(Information shown Opens)

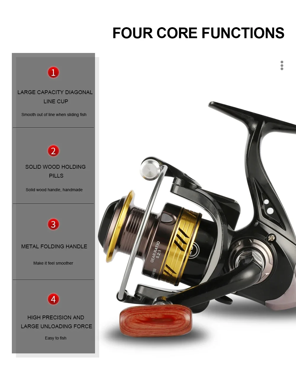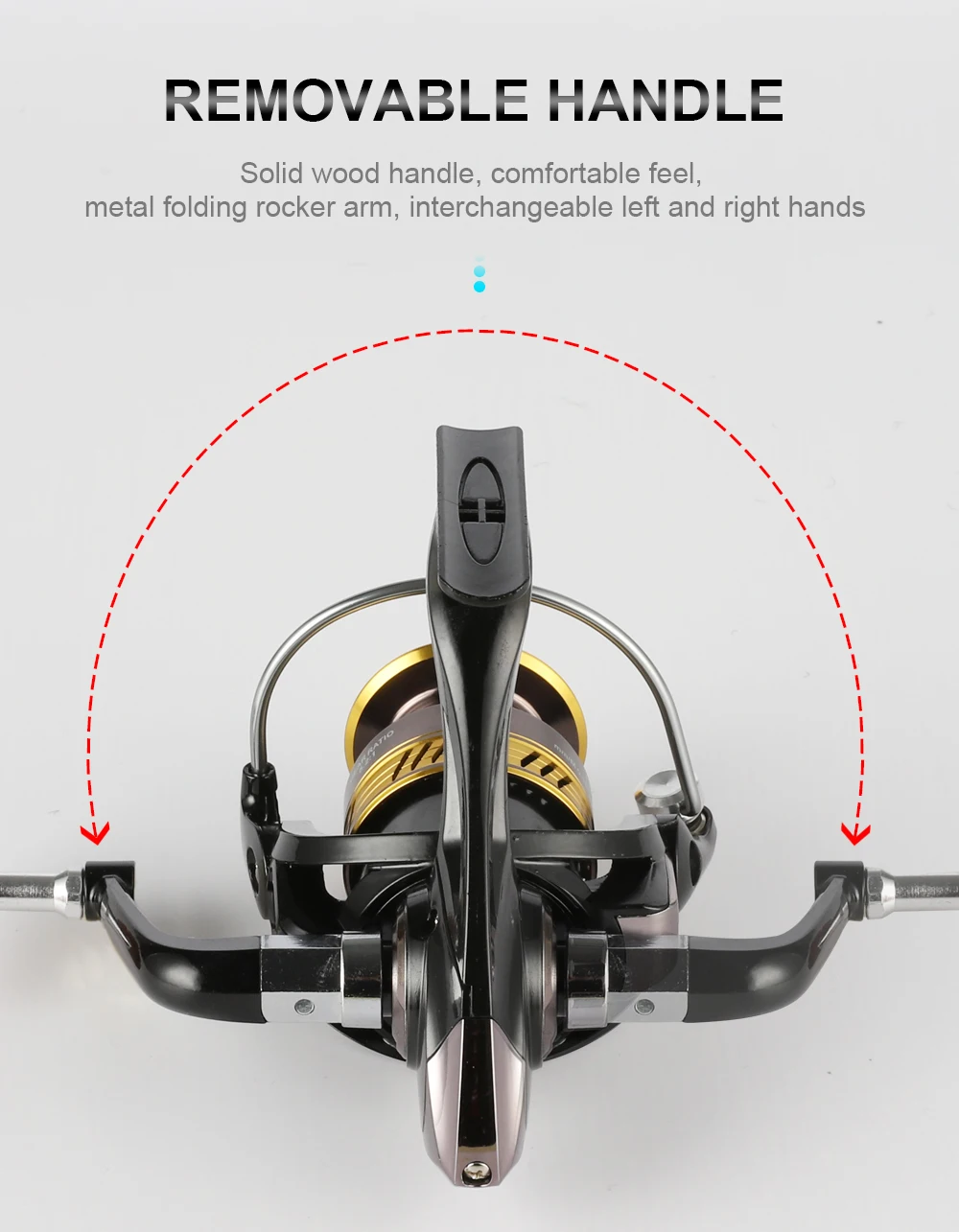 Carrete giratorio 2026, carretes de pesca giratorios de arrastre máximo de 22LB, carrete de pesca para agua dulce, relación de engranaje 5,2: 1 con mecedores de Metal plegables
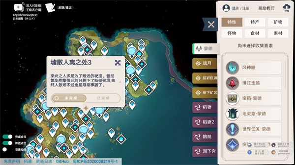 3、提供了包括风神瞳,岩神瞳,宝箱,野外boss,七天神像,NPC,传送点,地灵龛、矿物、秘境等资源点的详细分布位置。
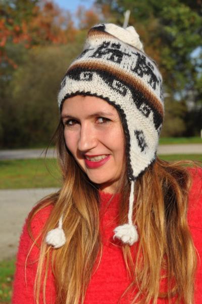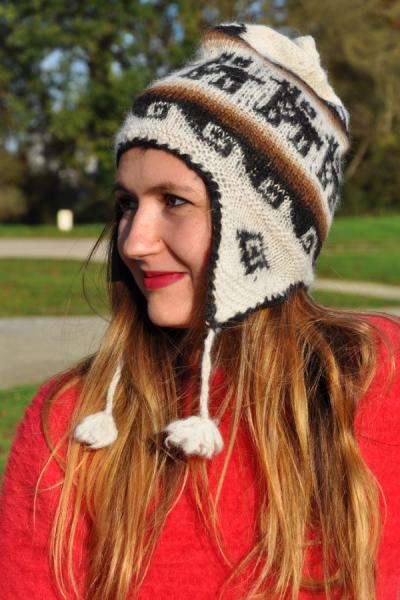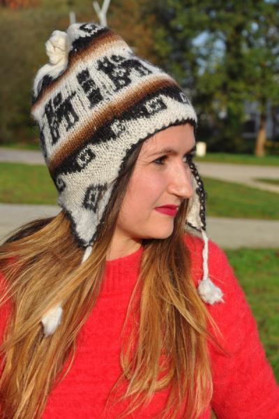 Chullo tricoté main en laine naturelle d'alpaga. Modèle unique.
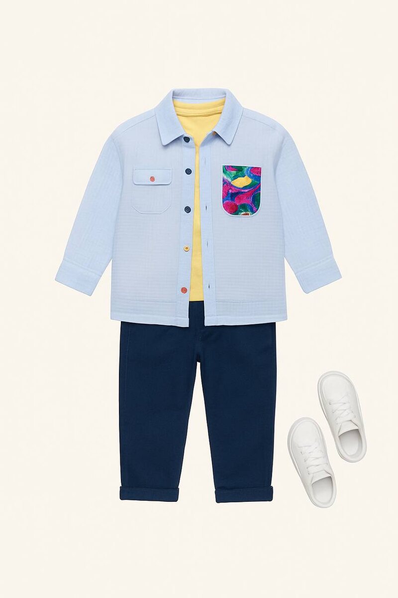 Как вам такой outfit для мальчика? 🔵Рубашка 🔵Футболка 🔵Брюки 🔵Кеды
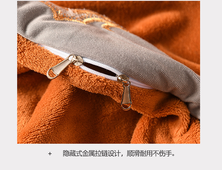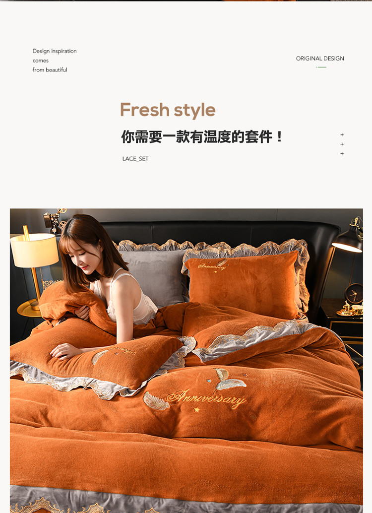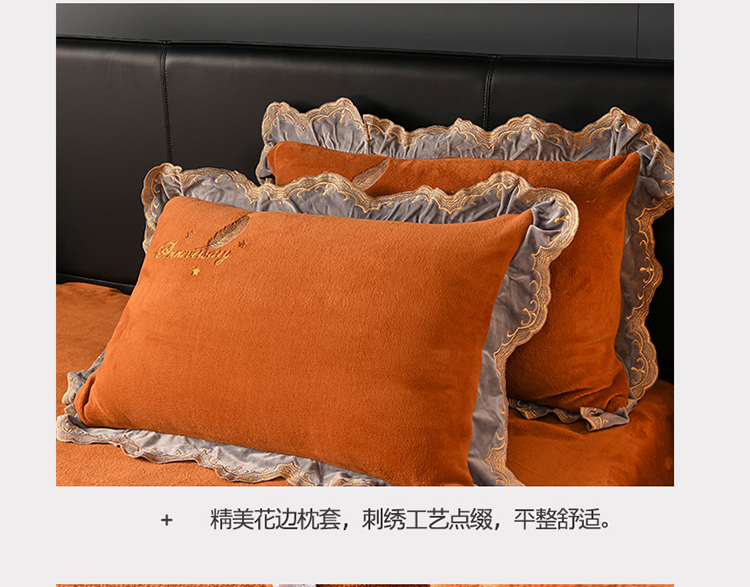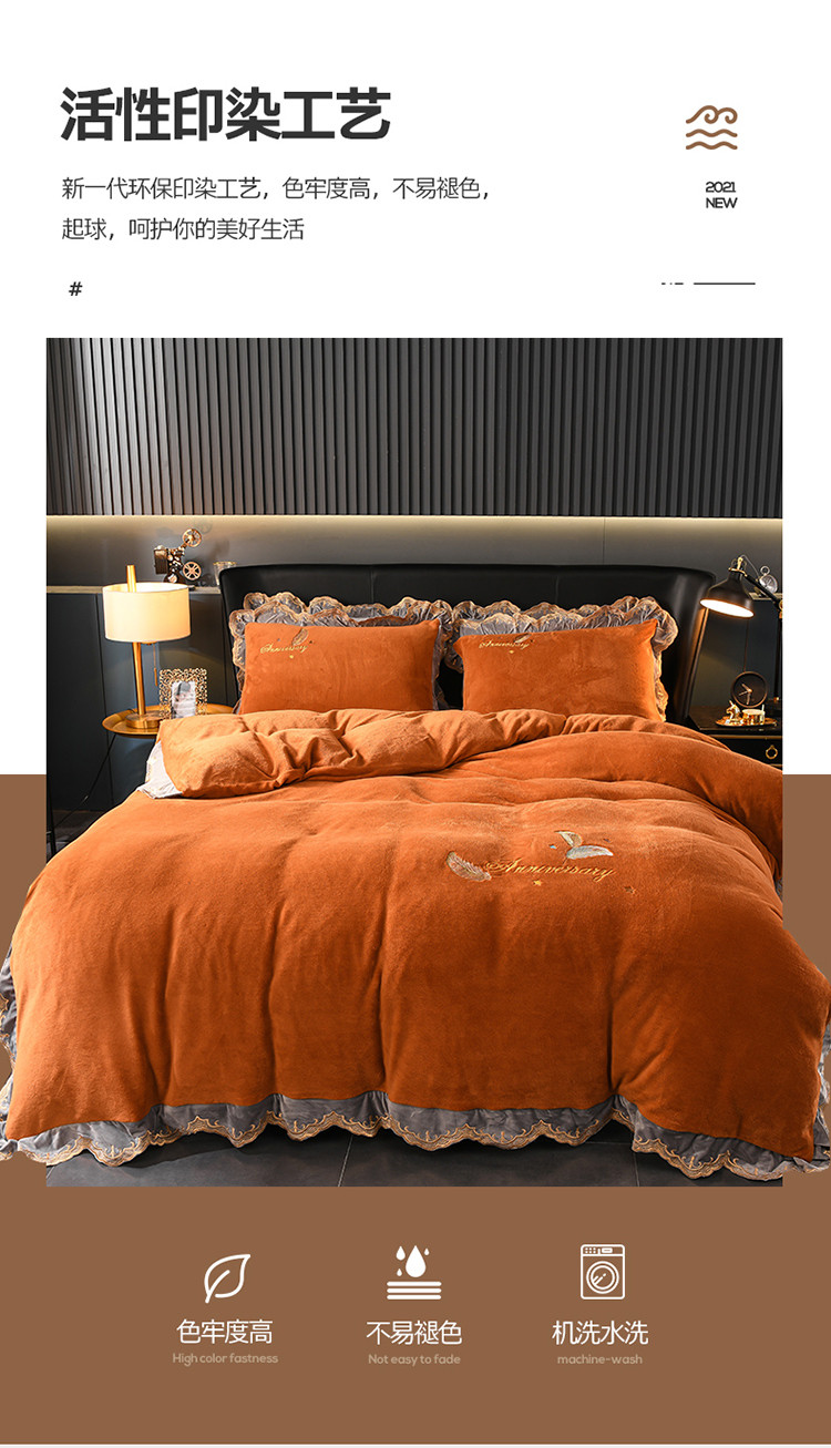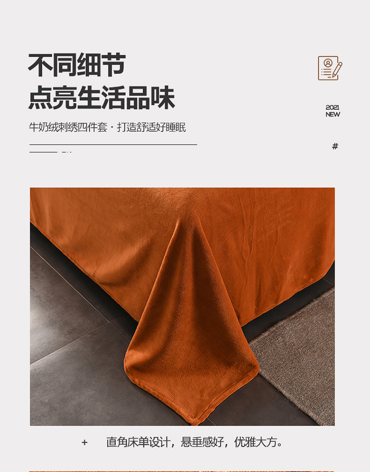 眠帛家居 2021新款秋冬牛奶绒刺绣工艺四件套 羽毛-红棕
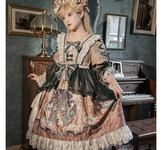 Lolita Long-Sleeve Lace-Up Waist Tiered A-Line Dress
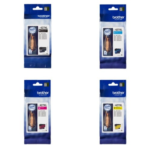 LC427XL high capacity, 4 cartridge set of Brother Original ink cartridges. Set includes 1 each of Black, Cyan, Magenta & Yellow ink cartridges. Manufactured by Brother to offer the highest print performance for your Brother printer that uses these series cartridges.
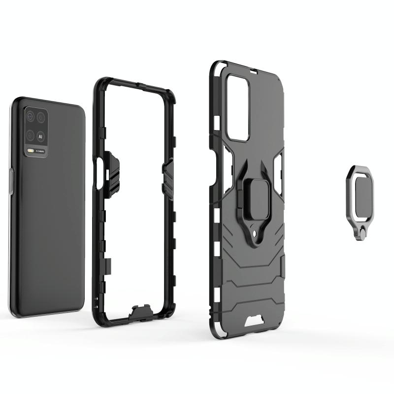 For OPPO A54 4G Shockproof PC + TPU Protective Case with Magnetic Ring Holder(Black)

(Information shown Closes)

▶ **Work item**
Your answer must be an exact repeat of the records above, with no pictures in it.

▶ **Result**
 Carrete giratorio 2026, carretes de pesca giratorios de arrastre máximo de 22LB, carrete de pesca para agua dulce, relación de engranaje 5,2: 1 con mecedores de Metal plegables
 3、提供了包括风神瞳,岩神瞳,宝箱,野外boss,七天神像,NPC,传送点,地灵龛、矿物、秘境等资源点的详细分布位置。
 Chullo tricoté main en laine naturelle d'alpaga. Modèle unique.
 Как вам такой outfit для мальчика? 🔵Рубашка 🔵Футболка 🔵Брюки 🔵Кеды
 眠帛家居 2021新款秋冬牛奶绒刺绣工艺四件套 羽毛-红棕
 Lolita Long-Sleeve Lace-Up Waist Tiered A-Line Dress
 LC427XL high capacity, 4 cartridge set of Brother Original ink cartridges. Set includes 1 each of Black, Cyan, Magenta & Yellow ink cartridges. Manufactured by Brother to offer the highest print performance for your Brother printer that uses these series cartridges.
 For OPPO A54 4G Shockproof PC + TPU Protective Case with Magnetic Ring Holder(Black)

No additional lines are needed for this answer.